Do you have any measurements that demostrate the improvement due to the patch ? I do not object against this change going in if e.g. even micromeasurements like hwpmc or intel pcm tool show reduction of inter-core traffic.
Did you considered applying some 'advanced' locking algorithm where contention only exists between two cores, like some variant of the scalable rwlocks ?
sys/amd64/include/pcpu.h | ||
---|---|---|
68–69 | wouldn't this variable significantly benefit from avoiding false sharing ? I.e., ensure that the padding exists before the var ? | |
sys/x86/x86/mp_x86.c | ||
1404 | Do not use wmb() in FreeBSD native code. Besides, it is nop by all means on amd64, for the code in question. If your intent there is to ensure that the write to 'generation' variable is visible to other cores before IPI is sent, so that other core does write the correct value into pcpu area, it is already handled. For LAPIC xAPIC mode, APIC registers page is uncacheable, and IPI command register write flushes store buffer. For x2APIC mode, we issue neccessary fence explicitly, to handle such situations. Look at x86/local_apic.c:lapic_write_icr(). Note that other TLB handlers state variables, like smp_tlb_addr{1,2} and smp_tlb_pmap, would be vulnerable to the same issue. |
On a Westmere system (2 sockets x 2 cores x 2 threads), dtrace measurements show that smp_tlb_shootdown is about 50% faster with this patch; observations with VTune show that the percentage of time spent in invlrng_single_page on an interrupt (actually doing invalidation, rather than synchronization) increases from 31% with the old mechanism to 71% with the new one. (This is running a basic file server workload.)
I haven’t had a chance to test this change on a Broadwell system, where I originally observed the problem; that system had 16 cores, 32 threads, and had much worse contention. Once I get access to that system again, I'll have numbers from it as well.
Did you considered applying some 'advanced' locking algorithm where contention only exists between two cores, like some variant of the scalable rwlocks ?
Not really. Given the spinwait after a set of TLB interrupts are issued, would a more complex model help much? With this patch, the primary contention is always between two cores (the core initiating the TLB interrupt and each core executing it), and it's a pure reader/writer model; there are no cache lines written by more than one core.
sys/amd64/include/pcpu.h | ||
---|---|---|
68–69 | Thinking about it, I don’t think it would make much difference. It’s only written by the core completing the TLB request, and only read by the core waiting for it. The coherency traffic in the worst case should be something like
where "waiting core" = the core which requested the TLB invalidation, and "completing core" = one of the cores which executed an invalidation upon receiving an interrupt. There’s a potential for a later write by the completing core to another variable in the same line to cause invalidation of the line in the waiting core, but that’s the only transaction that I think would be saved. If the waiting core were fast enough, it’s possible that there could be some extra coherency traffic due to code on the completing core updating the line for unrelated per-cpu writes before the interrupt was handled, but that doesn’t seem likely to be excessive. Am I missing something, though? Given the amount of padding in the PCPU structure, it’d be easy to align this if it were useful. | |
sys/x86/x86/mp_x86.c | ||
1404 | Thanks — I had looked at some of that, but hadn’t realized that the memory-mapped xAPIC mode would flush the store buffer. I’ll take it out. My intent indeed was to ensure that the writes were guaranteed visible to other cores. |
Are you sure about 2 cores ? Might be 4 ?

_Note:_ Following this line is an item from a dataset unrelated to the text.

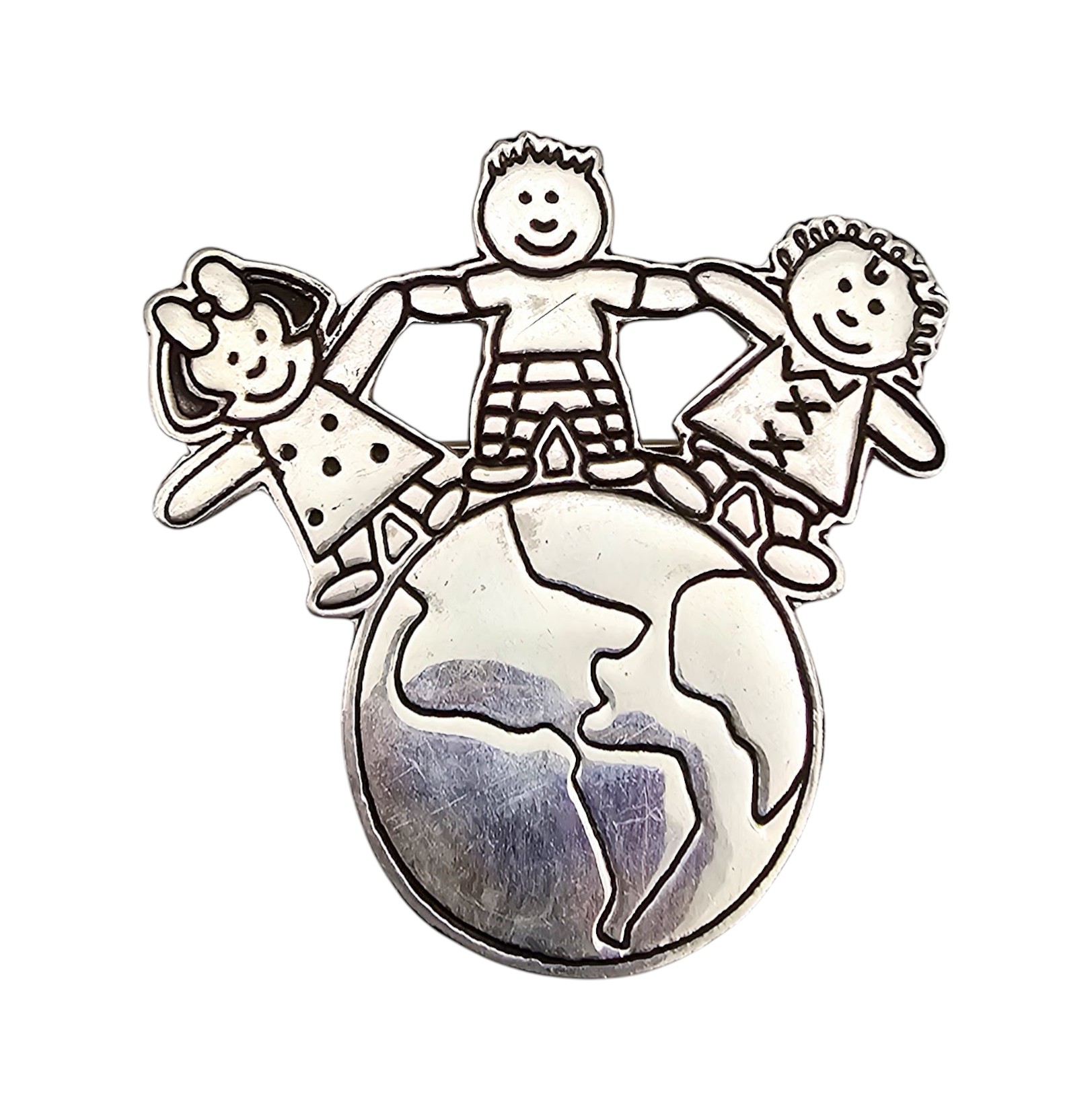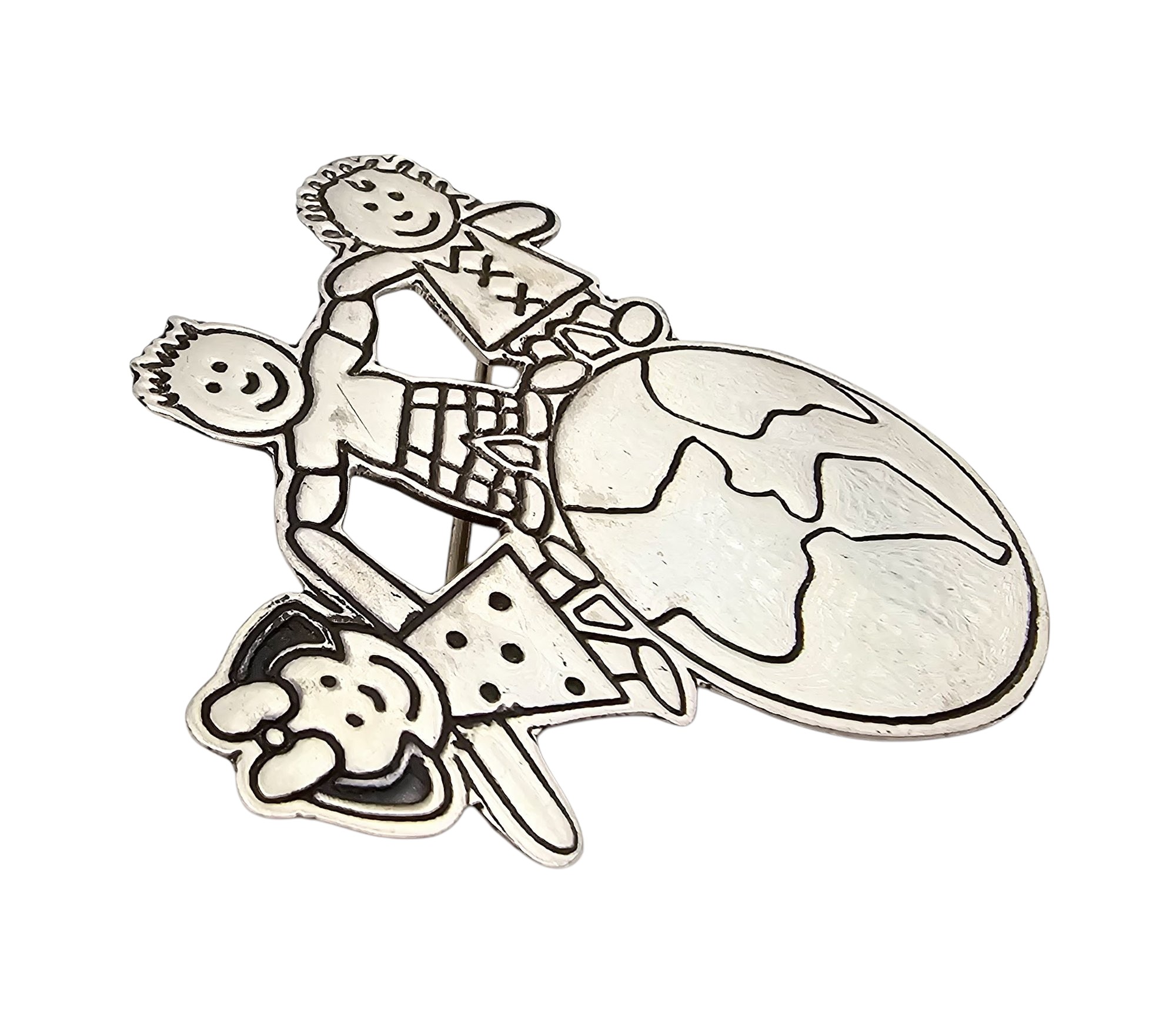 EFS Mexico Sterling Children World Brooch 7.8 G

Did you considered applying some 'advanced' locking algorithm where contention only exists between two cores, like some variant of the scalable rwlocks ?
Not really. Given the spinwait after a set of TLB interrupts are issued, would a more complex model help much? With this patch, the primary contention is always between two cores (the core initiating the TLB interrupt and each core executing it), and it's a pure reader/writer model; there are no cache lines written by more than one core.
Well, more complex solution would actually make each CPU to to only peek into one or two other's CPUs PCPU cache line, instead of current patch situation where, in the worst case, the leader has to access PCPUs of all other cores. This indeed might be not worth it if the load causes most of the invalidations happen for the user pmaps with limited pm_active masks. OTOH, for quite common ZFS usage a lot of invalidations occur for kernel pmap with the total pm_active mask.
I think that this patch could go in even if we decide later that some more optimizations are worth the efforts. Please update the current patch by removing wmb().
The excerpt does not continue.